Giotto, <em>Sposalizio della Vergine</em>.

Se il matrimonio perde la bussola

Quarant'anni fa il referendum sul divorzio, segno che i tempi stavano cambiando. Oggi, una proposta di legge vuole ridurre da tre anni a sei mesi le tempistiche per mettere la parola "fine" all'unione. Ma perché due persone dovrebbero dire quel "sì"?

«L'amore è eterno finché dura» recita un detto reso celebre da un film di Carlo Verdone. Sembra che questo modo di dire sia diventato il criterio con cui giudicare le unioni che oggi si formano, consacrate dal prete in chiesa o officiate dal sindaco in comune.

Un recente disegno di legge, approvato dalla Camera dei deputati e attualmente al vaglio del Senato, abbrevierebbe il tempo tra separazione e divorzio. Da tre anni a dodici mesi per la separazione giudiziale, sei mesi per quella consensuale. Così facendo, si vorrebbe dare la libertà alle coppie di accelerare i tempi della burocrazia per mettere un punto definitivo alle loro unioni.
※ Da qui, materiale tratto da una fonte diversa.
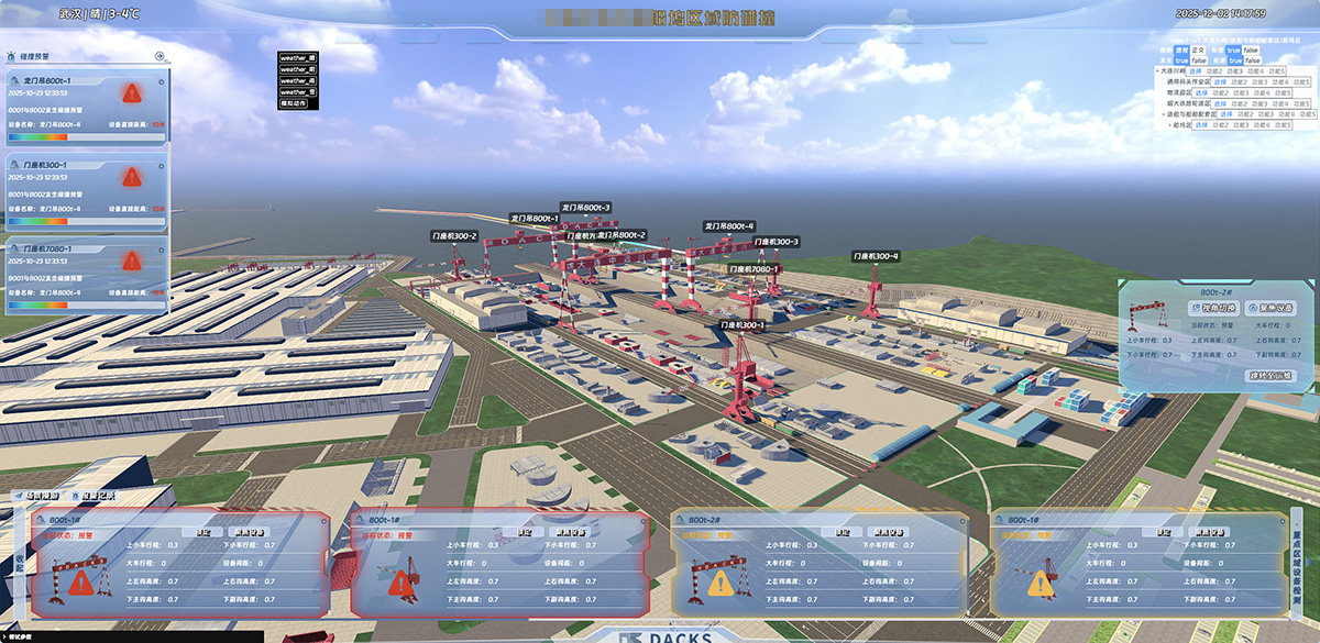 需要做集中集控管理的用戶,系統還需配置遠程三維監(jiān)控平臺。將船塢組裝場地進行三維場景模型處理,且需保證關鍵位置(如軌道位置關系等設備運行活動范圍)與設備產生空間關系的區(qū)域,按照1:1精確建模,并展示上做突出處理,保證能準確、清晰地反映設備當前工況。
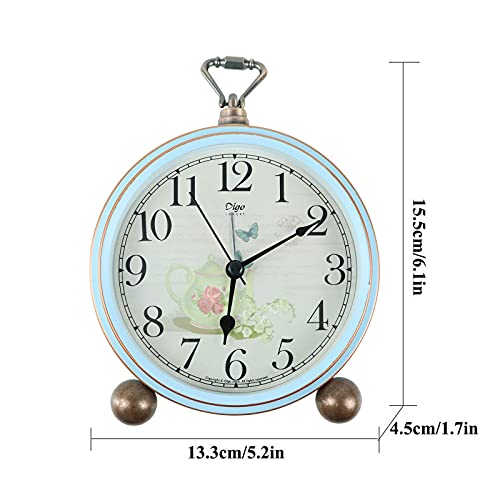 Maxspace 5.2in Desk Clock, Retro Silent Analog Clock Non-Ticking & Battery Operated with Quartz Movement,Clock Decor for Bedroom Living Room, Teapot
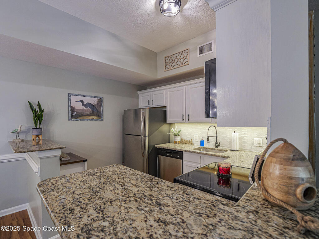 Beautifully renovated condo located just minutes from the ocean in the highly sought-after, gated Fountainhead community. This move-in ready residence offers 2 beds, 2 baths, and a rare 1 car garage. Enjoy serene pond views from the back porch - an ideal setting to relax & watch the local wildlife. Recent updates & upgrades include a new roof, A/C, granite tops, SS appliances, new bedroom flooring, fresh paint, and more. An excellent opportunity for a primary residence or seasonal retreat. Condo may be purchased fully furnished & turnkey at the asking price of $255,000. Rm sizes approximate.
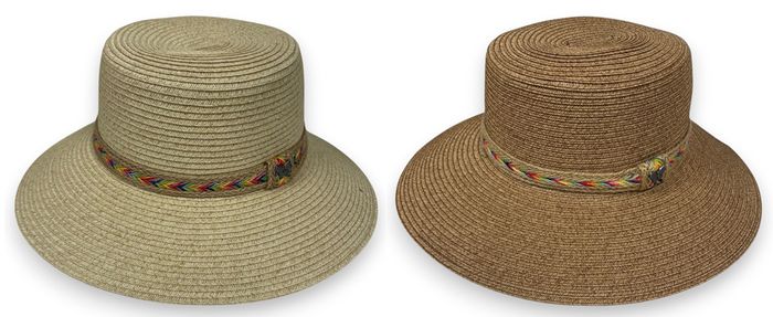 - LADIES HAT W/ NATURAL BRAID TRIM - 2 COLORS
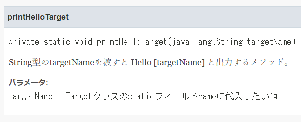 Javadocタグを記述することで引数や返り値の説明などをWebサイトでうまい具合に表示してくれます。Javadocタグは複数記述することが可能です。
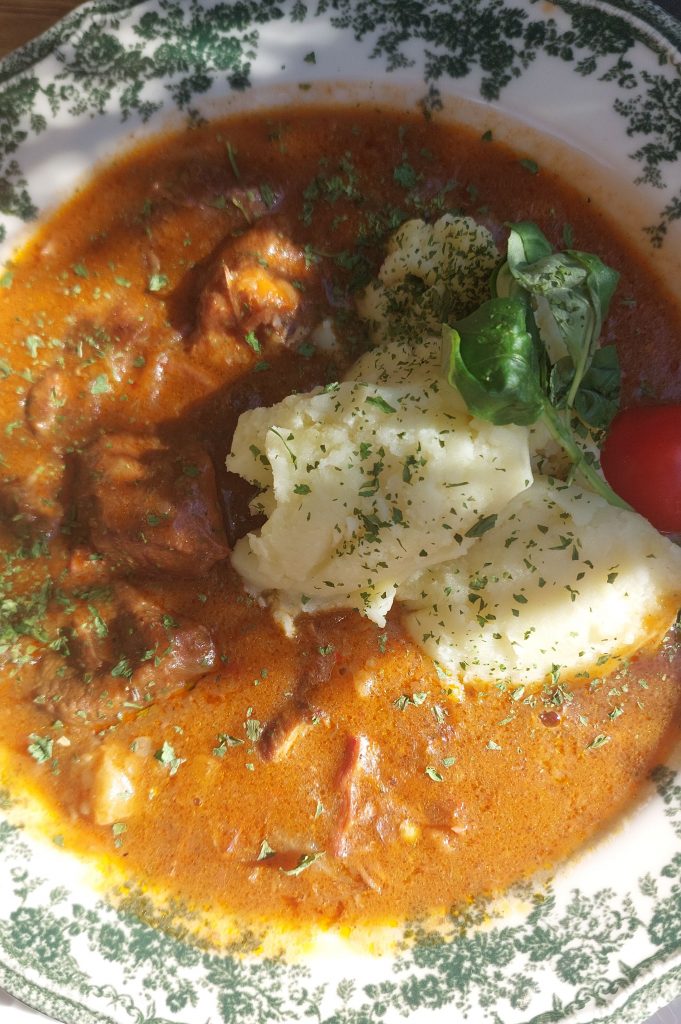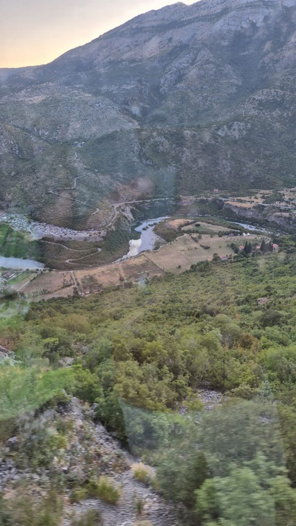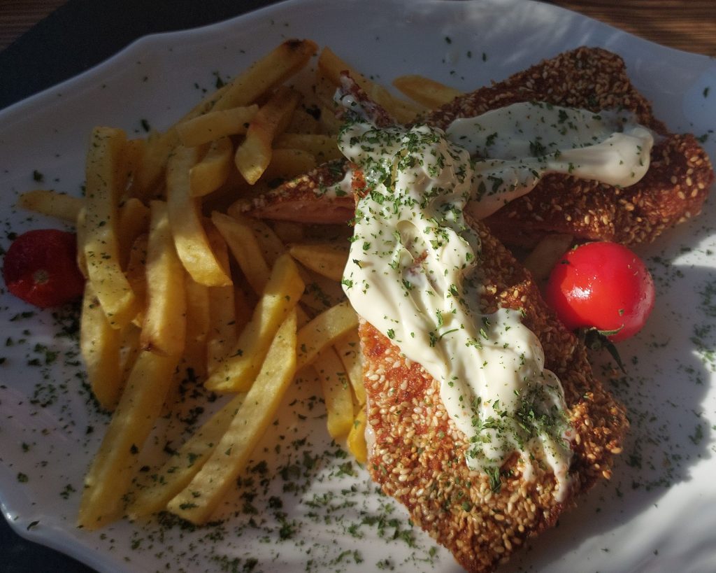 Der Ort bietet für den Sommer aktuell nur Wandern oder Essengehen, ersteres hatten wir ja mit 14 km schon erledigt, also ging es dann zum nächsten Programmpunkt. Das Restaurant Sherpas lag direkt auf dem Rückweg zur Bahnstation und war wie gemacht für einen Zwischenstopp. Die Karte bot eine Mischung zwischen Tradition und Moderne und wir hatten das berühmte Durmitor-Steak in einer Sesaminterpretation, ein traditionelles Gulasch und als Jugendessen eine Pastavariante mit Pesto und Thunfisch. Mit ein paar Getränken haben wir knapp 60 Euro bezahlt und fanden das Preis-Leistungs-Verhältnis wirklich sehr angemessen.
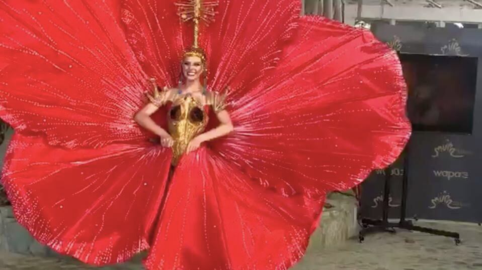 Madison Anderson Berríos lució su ángel con elegancia en conferencia de prensa. Luego de las críticas por su español, la muchacha ha comenzado a convencer a expertas y misiólogos. El traje está inspirado en el coquí y en la Flor de Maga.
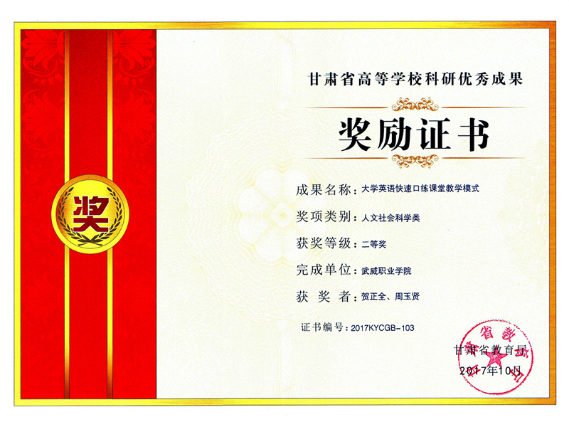 近日從學院科研處傳來喜訊,我系教師賀正全申報的《大學英語快速口練課堂教學模式》榮獲甘肅省教育廳頒發(fā)的2017年甘肅省高等學??蒲袃?yōu)秀成果二等獎。這是我院自建院以來獲得的最高級別的高??蒲袃?yōu)秀成果獎。本次獲得二等獎的科研成果共有154項,其中高職高專報送的科研成果只有9項獲得二等獎。
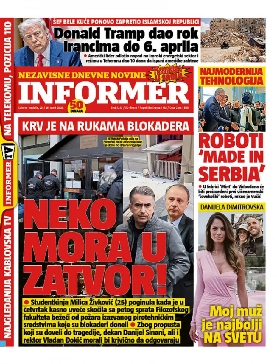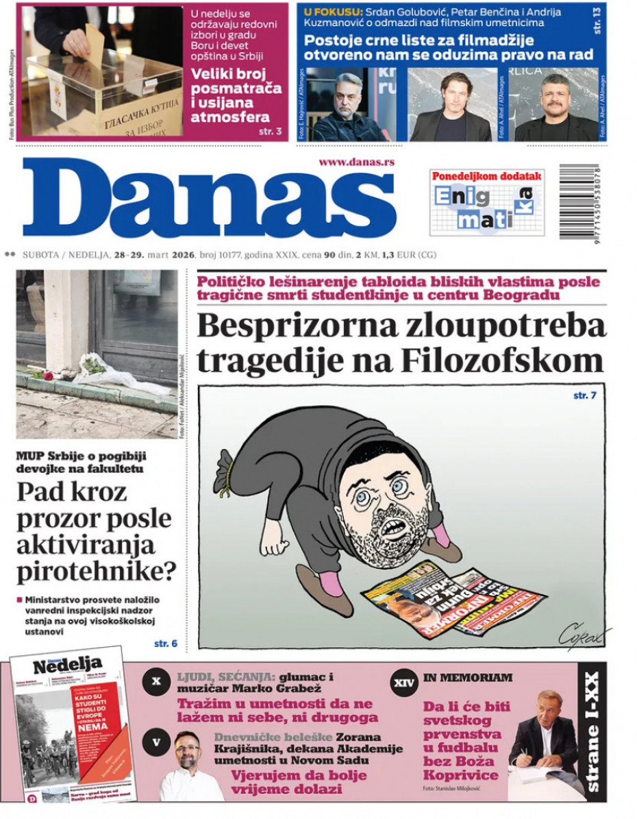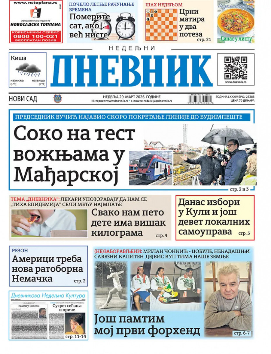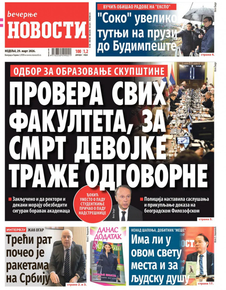 Naslovna Srbija Politika Politika Naslovne strane dnevne štampe za nedelju, 29. mart Komentari Naslovne strane dnevne štampe za nedelju, 29. mart - Copyright Profimedia, Logo Autor: Euronews Srbija 28/03/2026 - 20:42 Podeli veličina teksta Aa Aa Pogledajte šta na naslovnim stranama donose dnevne novine u Srbiji u izdanju za nedelju, 29. mart Promo Pogledaj galeriju Promo Pogledaj galeriju Promo Pogledaj galeriju Promo Pogledaj galeriju Promo Pogledaj galeriju Promo Pogledaj galeriju Promo Pogledaj galeriju Promo Pogledaj galeriju Promo Pogledaj galeriju Više o... Naslovne strane Dnevne novine Srbija Naslovne strane za nedelju 29.mart Top tagovi Euronews Montenegro Kosovo i Metohija Rat u Ukrajini Kriza na Bliskom istoku
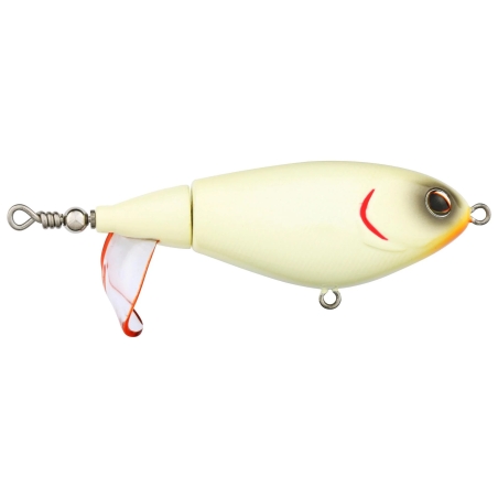 El secreto de su efectividad está en su cola de hélice duradera y de gran superficie, que produce salpicaduras, vibraciones y un sonido metálico profundo que atrae a los depredadores incluso en aguas calmadas. Además, no se deforma ni se derrite dentro de la caja de señuelos, garantizando una larga vida útil incluso con uso intensivo.
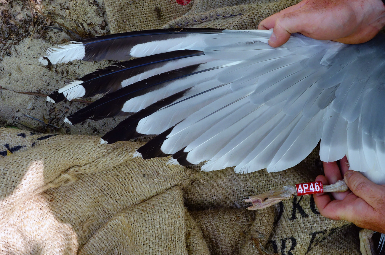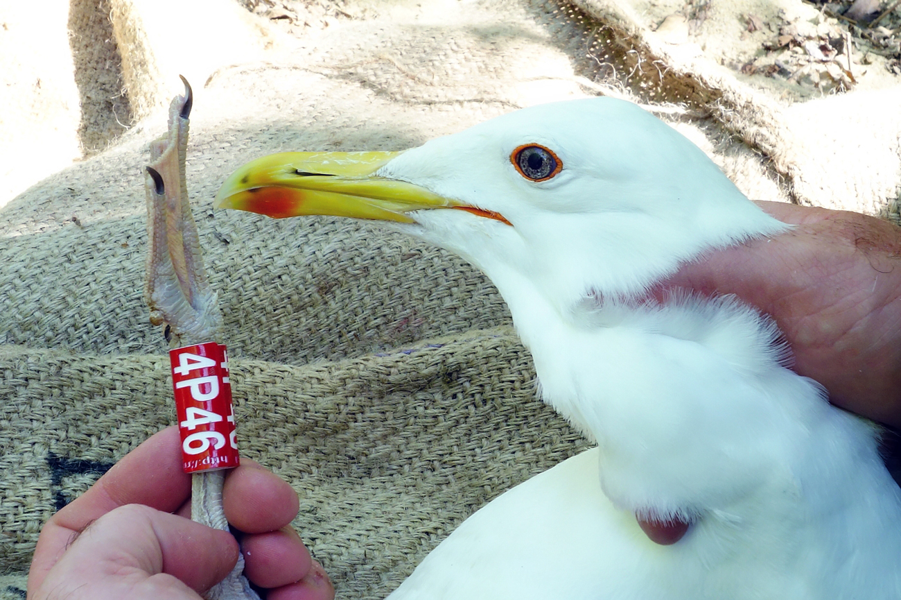 Larus cachinnans 4P46 adult, May 07 2014, Zastów Karczmiski, Poland. Picture: Łukasz Bednarz ringing team. Location: Zastów Karczmiski, Poland - colony at the banks of the Middle Vistula river. Middle Vistule river is a location where several taxa breed: see composition. Since this is a mixed breeding population where hybridisation is not uncommon, the ringing centre in Poland decided to label birds "Larus argentatus sensu lato". Still bulk of the breeding birds in Middle Vistula region show features of cachinnans. Breeding bird trapped at the nest, with a hint of black on primary coverts, hence maybe a younger adult.
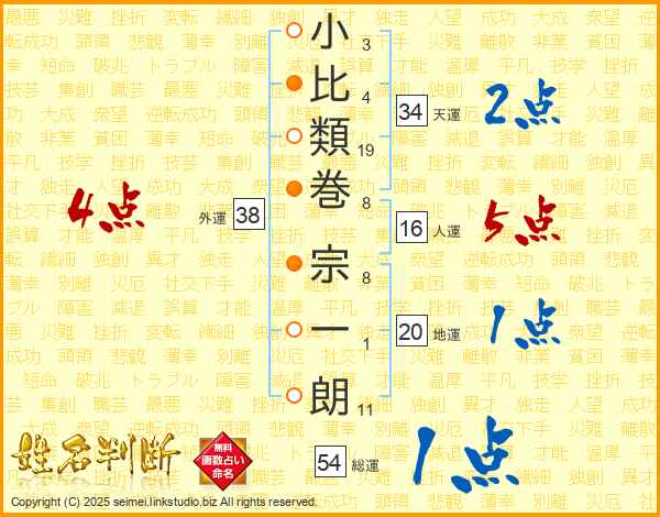 小(3画)比(4画)類(19画)巻(8画) 宗(8画)一(1画)朗(11画)
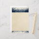 The top and bottom borders are a fancy elegant abstract design with cream coloured lace and pearls made with circles and bubbles. The background is dark blue with faded squares off to the side. Pretty and delicate design. The writing area is a parchment coloured paper. Customise / personalise with your name.
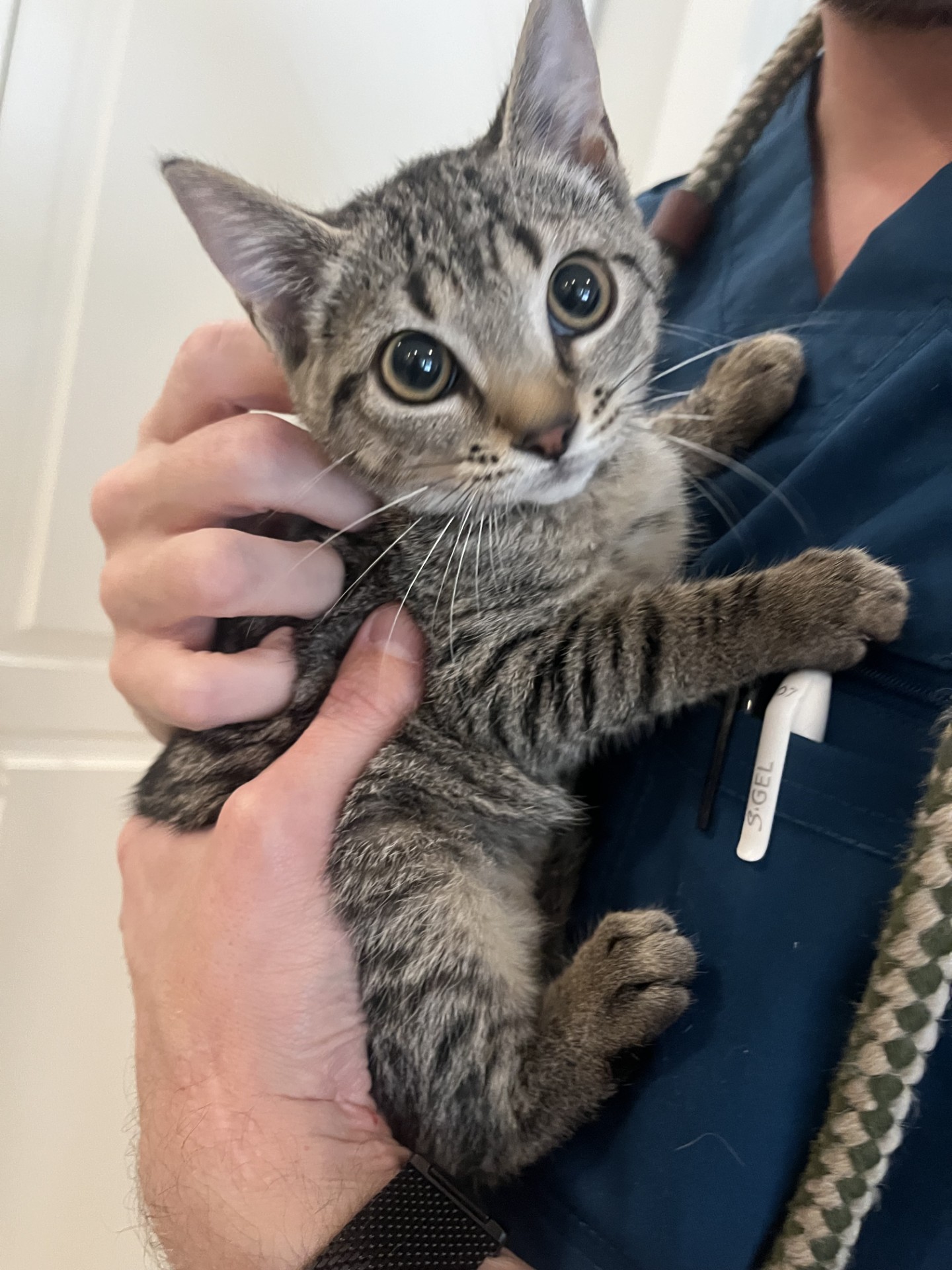 Taffeta is a 3-month-old brown tabby has the sweetest, most easygoing personality. Taffeta is calm, gentle, and always ready for a good snuggle. Whether she’s lounging in a sunny spot or curling up in your arms, she brings instant warmth and comfort wherever she goes.
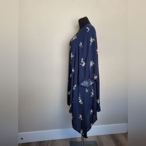 New without tags Floral Duster Kimono. Bell sleeves and assymetrical hemline. Open front. Beautiful Navy blue floral print. Lightweight breathable. Flattering and easy to grab and go for an added flair to any outfit. I have sizes small, medium and large available.
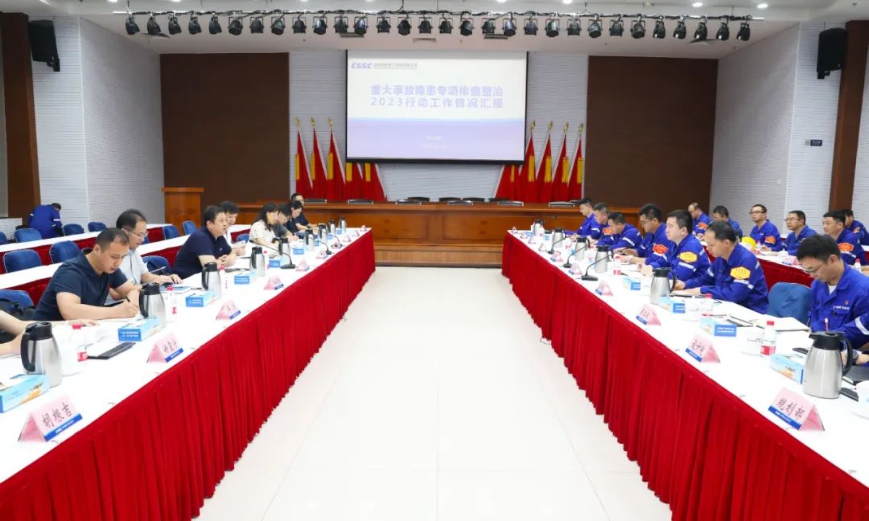 7月13日,國防科工局副司長丁向明一行到中國船舶集團武昌造船調(diào)研檢查安全生產(chǎn)工作,中國船舶集團公司質(zhì)量安環(huán)部有關(guān)領(lǐng)導(dǎo)參加調(diào)研檢查工作。公司黨委書記、董事長姜濤,黨委副書記、總經(jīng)理梁師清及相關(guān)部門負(fù)責(zé)人參加調(diào)研檢查。

La legge Fortuna-Baslini (898/1970), quella sul divorzio approvata esattamente quarant'anni fa con il referendum del 12 e 13 maggio 1974, segno dei tempi che cambiavano, secondo i benpensanti dell'epoca, stabilisce che chiunque voglia divorziare debba attendere un periodo di tre anni. In questo periodo di tempo la coppia avrebbe la possibilità di verificare (strano verbo, sebbene a noi così familiare), se non ci sia proprio nulla da fare, se quelle promesse fatte davanti a Dio e alla Chiesa, e a tutti i parenti e gli amici presenti alle nozze, hanno perso il loro valore nella realtà quotidiana e concreta della coppia.

Nella società di oggi, in preda al mito della velocità, in cui «ogni aspirazione personale diventa fondamento del diritto», come ci ricorda don Julián Carrón nel quartino sulle elezioni europee, i tempi si abbreviano. Da tre anni si passa a sei mesi, un sesto del tempo. Si è persa la ragione ultima di quel periodo di verifica in cui, seppure a volte con fatica e con dolore, i due coniugi erano costretti a stare davanti a un dato reale: ci sono dei problemi tra noi, abbiamo perso la bussola, non sappiamo più dove stiamo andando. E come nelle questioni più importanti si confidava nel tempo come alleato, perché magari, da soli senza l'altro si scopre che, se prima l'ago della bussola era un po' instabile, ora è uscito del tutto dal suo supporto. E si ritornava sulla questione, ci si faceva aiutare, si chiedeva consiglio agli amici più cari, si intraprendeva un cammino vero di domanda.

Oggi l'impressione è che questo cammino pieno di domanda sia finito nell'oblio, sommerso dalle incrostazioni depositate sul nostro cuore, il vero ago della bussola che punta "verso la stella polare fissa e sicura", come recita, non a caso, un noto canto di chiesa. Viene allora da chiedersi a cosa tutto ciò stia conducendo e dove stiamo andando. Stiamo dimenticando che ciò che regola la nostra vita, non nel senso di regolamenti e decreti ma nel senso originario di "ciò che regge", non è una legge, non è la possibilità di decidere della propria vita e, in un rapporto coniugale, anche dell'altro e dei figli, in via autonoma e personalistica. Ciò che regge ha sede nel nostro cuore, nella ragione ultima del suo battito, del suo orientamento stabile verso la stella polare, che nella nostra esperienza si identifica con il fattore della vita. Si sta dimenticando che l'altro è dato per il nostro compimento e che è naturale che ci siano delle incomprensioni e delle difficoltà (don Giussani diceva che gli sposi sono due egoismi che si incontrano, in fondo). Ma queste situazioni sono date non per separare, ma per cementare ancora di più il legame. E la consapevolezza che esso non si esaurisce in se stesso. Né costruisce barriere con la realtà circostante, ma è per me, per aprirmi al mondo e alla realtà tutta. E per accompagnarmi verso Chi fa il mondo e dà consistenza e fondamento al rapporto amoroso.

Forse prima di approvare questi discutibili segni di progresso, bisognerebbe tornare all'origine di che cos'è il matrimonio, alla riscoperta della ragione ultima per la quale un uomo e una donna scelgono di stare insieme e di pronunciare il fatidico "sì" davanti l'altare o in una stanza del municipio.